Песок, действительно, деталь более или менее «нейтральная». Семантику большой волны можно обозначить при помощи дефиниции «случайность, влияющая на дальнейшее развитие событий» или «неслучайная случайность». По верному наблюдению М. Фрайзе, «случайностные элементы» в произведениях Чехова нередко «превращаются в корни осмысления мира» [12, с. 50]. Волна прерывает диалог героев; возникшая пауза, возможно, удерживает Самойленко от чересчур поспешного ответа на вопрос Лаевского («Неужели ты решился бы предложить ей деньги? И в какой форме?») и даёт ему шанс, которым он воспользуется. Поняв душевное состояние собеседника, доктор отказывается от напускной брутальности и, возобновляя прерванный диалог, меняет тон («…надо, Ваня, рассуждать по человечности»; ср. с предыдущей репликой: «Единовременно пятьсот в зубы или двадцать пять помесячно — и никаких. Очень просто»). Волна маркирует тему роковой/спасительной случайности, инициируя тот лейтмотив повествования, которому суждено стать едва ли не самым важным в «Дуэли». Так, IX глава начинается с того, что Лаевский, мечтающий бросить Надежду Фёдоровну и возвратиться в Петербург, случайно находит в кармане и отдаёт опостылевшей любовнице письмо с известием о смерти её мужа, надеясь отвлечь этим «её внимание в другую сторону» (VI, 414). В предкульминационной XV главе, придя к Самойленко за деньгами, он встречает фон Корена и затевает с ним ничего не значащий разговор, оборачивающийся бурным выяснением отношений, взаимными оскорблениями и вызовом на дуэль, который фон Корен с готовностью принимает. Кажется, никто и ничто уже не в силах предотвратить катастрофы: она неизбежна, поскольку жёстко детерминирована всеми предыдущими звеньями этой цепи роковых (не)случайностей. Но за несколько часов до дуэли — по сути, так же случайно — Лаевский узнаёт об измене и «падении» Надежды Фёдоровны. Он впервые серьёзно задумывается о своей жизни, переживает глубокий нравственный кризис. И этот кризис приобретает (сначала в пределах внутреннего, экзистенциального мира, а затем, по мере проявления, и в сфере «внешней» реальности) гораздо большую событийную значимость, нежели предстоящая дуэль. Но кульминации этот лейтмотив достигает, конечно же, в сцене дуэли, когда тайком наблюдающий за поединком дьякон Победов, крикнув «под руку» фон Корену в момент выстрела, фактически спасает Лаевскому жизнь. Восстанавливается естественный, природный порядок вещей.

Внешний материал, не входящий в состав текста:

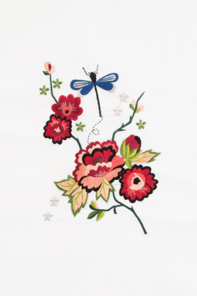 Rich pinks and reds stand out in this effortlessly romantic peony and dragonfly design. This free pattern, suited for advanced-level embroiderers, offers a project with style and sophistication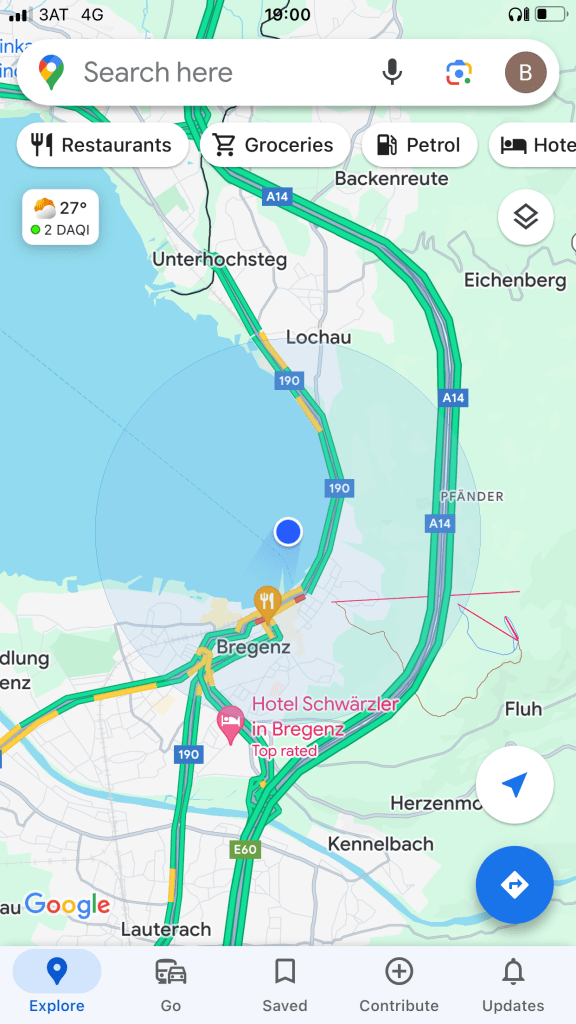 After refreshing nicotine and fluid levels in Memingen, we had a final hour of travel to Bregenz. Unfortunately, cellphone signal was really weak so I couldn’t screenshot exactly when we crossed the border.

Одухотворённую стихию, воплощающуюся в образе моря, трудно назвать «равнодушной природой», как это делает, например, Д. Рейфилд (см.: [7]). По мере нарастания драматизма она начинает более активно «реагировать» на то, что происходит в человеческом мире.
Очень значим в этом отношении заключительный эпизод XVI главы. Море упоминается здесь лишь в связи с начинающейся грозой, но именно связь грозы и моря проясняет символику данного эпизода и — шире — всей «дуэльной» линии сюжета. Фабульный контекст создаёт коннотации, которые, в свою очередь, частично переопределяют значение реплик дьякона, Самойленко и фон Корена, придавая некоторым словам и словосочетаниям особый смысл: «Внезапно налетел ветер; он поднял на набережной пыль, закружил её вихрем, заревел и заглушил шум моря.
— Шквал! — сказал дьякон. — Надо идти, а то глаза запорошило. <…>
Позади на море сверкнула молния и на мгновение осветила крыши домов и горы. Около бульвара приятели разошлись. Когда доктор исчез в потёмках и уже стихали его шаги, фон Корен крикнул ему:
— Как бы погода не помешала нам завтра!
— Чего доброго! А дал бы бог!» (VI, 456—457).
Как видим, семантика грозы в данном эпизоде двойственна, амбивалентна. Ещё нельзя с уверенностью сказать, каков истинный смысл настойчиво акцентируемых повествователем признаков этого природного явления (порывы ветра, шум, вспышки молний и т. д.), сразу же вступающих в контрапункт с «морским» лейтмотивом. Что это — дурное предзнаменование? Или знак того, что сама природа, «угадав» тайное желание Самойленко, намеревается воспрепятствовать дуэли? А может быть, нечто иное, то, что не соотносится по большому счёту ни с воинственным настроем фон Корена, ни с миролюбивыми планами доктора?..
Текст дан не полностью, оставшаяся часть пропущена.